I feel like the prospect that May "bashed" New Zealand is a bit overplayed, the 1958 Kiwi attack was definitely international level with MacGibbon/Reid/Alabaster/Cave and they were playing on some extremely wet wickets, the first match was low scoring and other than May and Cowdrey, no English Batsmen managed to cross 20 runs and the team made 221 runs in total. In the third test it rained for two days straight and wicket was unplayable and May dominated and made a hundred, only the fourth test hundred could be called a poor one but still, the bowling attack wasn't terrible and the first two knocks came on a wet and then a drenched wicket, it should count for something. I feel like it was the Kiwi batting of this era that was completely pitful.

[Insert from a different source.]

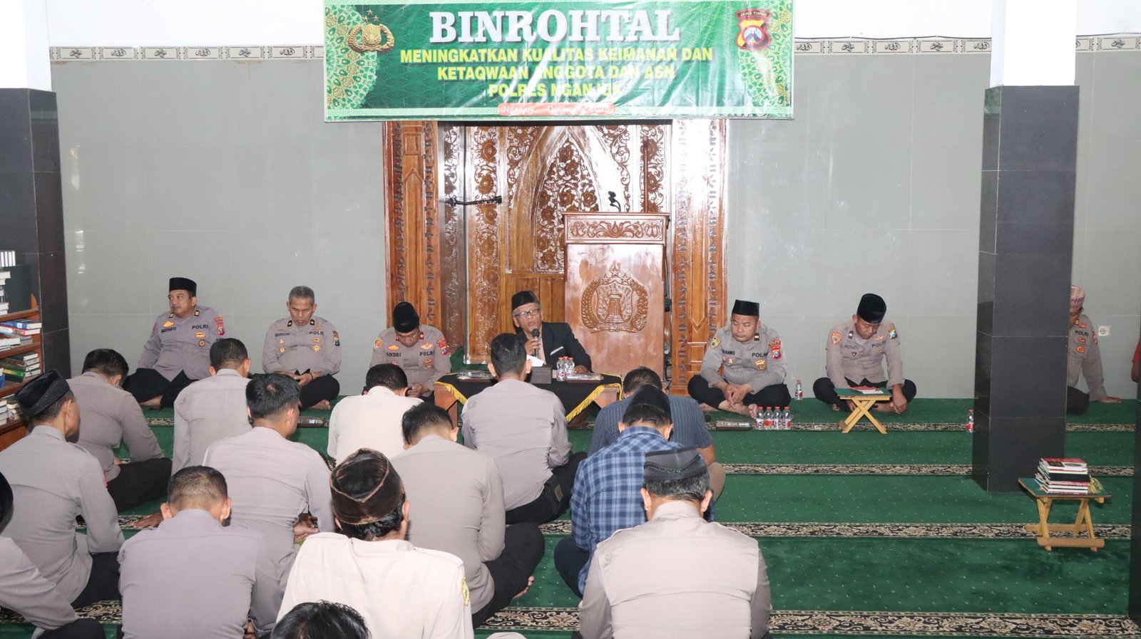 “Binrohtal ini menjadi sarana untuk menyeimbangkan tugas kedinasan dengan penguatan spiritual. Dengan iman yang kuat, diharapkan seluruh personel mampu menjalankan tugas secara profesional, tulus, dan penuh tanggung jawab kepada masyarakat,” ujar KOMPOL Andria Diana Putra menyampaikan pesan Kapolres Nganjuk.

I'd say their bowling attack for 1958 is a tier above actual minnows like 2000s Bangladesh and Zimbabwe, MacGibbon and Reid are genuinely good bowlers, Alabaster was also pretty decent for a SENA spinner and Cave in context of his achievements in the unofficial tests against Australia wasn't bad either. The runs are probably no easier than some of Windies/Indian runs of the same time.
His hundred in New Zealand, well, the attack was very bad and it could be qualified as minnow bashing, I wouldn't bother doing it though, from what I can say it was a well rated hundred in some extremely windy/swingy conditions.